Input material:
---*---

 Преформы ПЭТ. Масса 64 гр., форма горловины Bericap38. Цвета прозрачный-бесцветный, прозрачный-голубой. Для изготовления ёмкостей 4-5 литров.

---*---

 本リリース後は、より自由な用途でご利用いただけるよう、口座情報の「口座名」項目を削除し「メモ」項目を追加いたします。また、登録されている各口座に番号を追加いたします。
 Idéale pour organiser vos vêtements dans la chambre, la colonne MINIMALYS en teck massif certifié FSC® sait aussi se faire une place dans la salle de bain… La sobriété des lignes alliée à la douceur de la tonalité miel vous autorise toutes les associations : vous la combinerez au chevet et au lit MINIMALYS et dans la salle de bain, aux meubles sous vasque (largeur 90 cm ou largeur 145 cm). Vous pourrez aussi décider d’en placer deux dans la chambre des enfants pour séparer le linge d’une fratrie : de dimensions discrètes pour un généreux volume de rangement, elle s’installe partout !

---*---

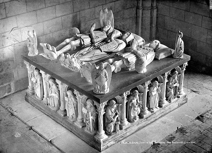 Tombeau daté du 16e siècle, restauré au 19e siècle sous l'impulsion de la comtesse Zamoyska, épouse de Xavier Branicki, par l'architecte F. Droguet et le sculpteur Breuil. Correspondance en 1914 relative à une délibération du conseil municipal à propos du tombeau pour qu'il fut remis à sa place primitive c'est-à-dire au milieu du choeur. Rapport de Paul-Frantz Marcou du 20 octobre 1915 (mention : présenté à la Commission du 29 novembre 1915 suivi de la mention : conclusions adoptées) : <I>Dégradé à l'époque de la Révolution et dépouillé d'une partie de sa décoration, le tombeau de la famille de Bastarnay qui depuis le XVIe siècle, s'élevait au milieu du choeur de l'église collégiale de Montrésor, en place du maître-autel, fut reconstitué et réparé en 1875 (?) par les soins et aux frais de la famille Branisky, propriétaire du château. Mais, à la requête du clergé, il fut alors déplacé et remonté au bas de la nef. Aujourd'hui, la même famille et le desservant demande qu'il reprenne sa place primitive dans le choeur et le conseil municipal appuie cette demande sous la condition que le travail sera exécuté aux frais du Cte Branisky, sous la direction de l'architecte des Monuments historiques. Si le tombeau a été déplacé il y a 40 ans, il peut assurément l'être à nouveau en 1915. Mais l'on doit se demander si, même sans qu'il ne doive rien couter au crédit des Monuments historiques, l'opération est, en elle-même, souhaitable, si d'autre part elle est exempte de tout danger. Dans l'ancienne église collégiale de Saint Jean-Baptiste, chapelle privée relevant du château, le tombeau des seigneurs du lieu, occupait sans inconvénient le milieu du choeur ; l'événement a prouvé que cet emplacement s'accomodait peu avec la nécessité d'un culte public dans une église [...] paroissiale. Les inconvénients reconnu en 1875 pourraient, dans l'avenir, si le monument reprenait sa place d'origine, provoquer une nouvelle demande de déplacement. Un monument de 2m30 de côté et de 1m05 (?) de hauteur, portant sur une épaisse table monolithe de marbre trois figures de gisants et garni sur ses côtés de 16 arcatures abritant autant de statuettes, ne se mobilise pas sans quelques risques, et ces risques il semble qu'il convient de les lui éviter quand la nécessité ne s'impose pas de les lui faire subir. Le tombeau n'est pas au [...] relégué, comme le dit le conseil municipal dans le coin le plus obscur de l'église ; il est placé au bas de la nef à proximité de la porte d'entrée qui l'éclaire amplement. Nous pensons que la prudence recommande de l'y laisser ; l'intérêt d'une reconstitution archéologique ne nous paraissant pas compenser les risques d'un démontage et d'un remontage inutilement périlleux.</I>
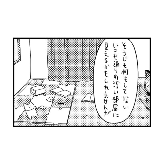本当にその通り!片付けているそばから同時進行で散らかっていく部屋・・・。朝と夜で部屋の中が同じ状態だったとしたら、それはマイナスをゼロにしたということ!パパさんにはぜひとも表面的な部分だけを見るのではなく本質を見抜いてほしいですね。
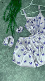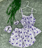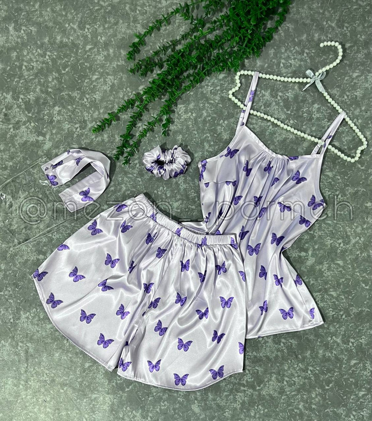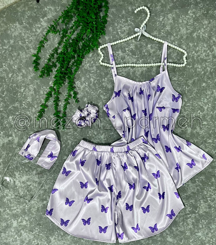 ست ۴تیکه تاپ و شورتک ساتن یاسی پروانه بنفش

---*---

Problem to solve: Take the entries above and copy exactly the lines starting at the one with "本当にその通り!片付けている" and ending at the one with "ست ۴تیکه تاپ و شورتک ساتن یاسی پروانه بنفش"; nothing outside that span, and no pictures.

Completed task:
本当にその通り!片付けているそばから同時進行で散らかっていく部屋・・・。朝と夜で部屋の中が同じ状態だったとしたら、それはマイナスをゼロにしたということ!パパさんにはぜひとも表面的な部分だけを見るのではなく本質を見抜いてほしいですね。
 ست ۴تیکه تاپ و شورتک ساتن یاسی پروانه بنفش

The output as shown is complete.